Former Winter Games medalist Karen Nystrom joined the Ridgebacks as head coach in 2009, replacing Gary Pitcher. Amassing 52 regulation wins during her six seasons there, Nystrom led the program to their first double digit win season during 2011–12.

Under Nystrom's tutelage, the Ridgebacks enjoyed consecutive appearances in the OUA playoffs, a program first.

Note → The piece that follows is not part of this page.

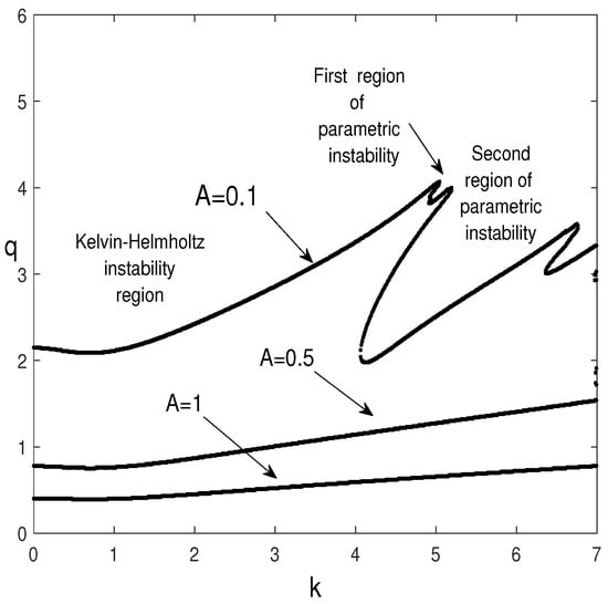 Figure 7 shows that, for a large value of the irrational ratio of frequencies, , the increase in A acts to destabilize the Kelvin-Helmholtz instability and suppresses the parametric instability (resonances) in the range of the wavenumber .

Both postseason berths (2013 and 2014) ended in first round exits.

Inheriting the head coaching duties from Nystrom, Justin Caruana served in the role until 2024. Leading the Ridgebacks to the 2022 OUA Playoffs, the result was another first round exit, eliminated on home ice versus the Queen's Golden Gaels.

==Players==
=== All-time stat leaders ===

| Player Name | Pos. | Games | Goals | Assists | Points |
|---|---|---|---|---|---|
| Jill Morillo | F | 130 | 64 | 47 | 111 |
| Kassidy Nauboris | F |  | 46 | 46 | 92 |
| Sarah Worthington | F |  | 38 | 45 | 83 |
| Chelsea Ball | F |  | 37 | 37 | 74 |
| Jaclyn Gibson | F | 125 |  |  | 63 |
| Mikaeli Cavell | F | 120 | 18 | 42 | 60 |
| Samantha Forchielli |  |  | 28 | 29 | 57 |

==Awards and honours==
- 2018-19 OUA assists leader - Kassidy Nauboris (17 assists)
- 2021-22 OUA Most Sportsmanlike Award - Megan Johnson
- 2024-25 OUA leading goal scorer - Julia Jackson (14 goals)

===OUA All-Rookie===
- 2009-10 All-Rookie Team selection: Jill Morillo
- 2018-19 All-Rookie Team selection: Erin Ross
- 2021-22 OUA All-Rookie Team - Zoe McGee, Goaltender

===OUA All-stars===
- 2016-17 Second Team All-Star: Kassidy Nauboris
- 2018-19 First Team All-Star: Kassidy Nauboris
- 2021-22 Second Team All-Star: Brooke Vial
- 2021-22 Second Team All-Star: Natalie Wozney
- 2024-25 First Team All-Star: Julia Jackson

===USports honors===
- 2011 Academic All-Canadian: Jill Morillo
- 2012 CIS Marion Hilliard Award: Jill Morillo
- 2012 Second Team All-Canadian: Jill Morillo
- 2022-23 USports Academic All-Canadian: Kayla Welk

===University honors===
- 2024-25 Ontario Tech Female Athlete of the Year: Julia Jackson

- 2010-11 James Baun Cup: Jill Morillo
- 2024-25 James Baun Cup: Kayla Welk

==International==
- Kassidy Nauboris CAN: 2019 Winter Universiade 2

== Ridgebacks in Pro Hockey ==

| Player Name | Team | League | Season(s) | Notes |
|---|---|---|---|---|
| Victoria MacKenzie | Toronto Furies | CWHL | 2016–17 | Appeared in 2 regular season games |
| Chelsea Ball | MAC Budapest | EWHL | 2019–20 | Amassed 20 regular season points |
| Kassidy Nauboris | MAC Budapest | EWHL | 2019–20 | Amassed 23 regular season points |
| Natasha Tymcio | MAC Budapest | EWHL | 2019–20 | Appeared in 18 regular season games |

NOTE: In the 2016 CWHL Draft, Victoria MacKenzie and Jaclyn Gibson were both selected by the Toronto Furies. MacKenzie was a 10th round selection while Gibson was selected in the 12th round.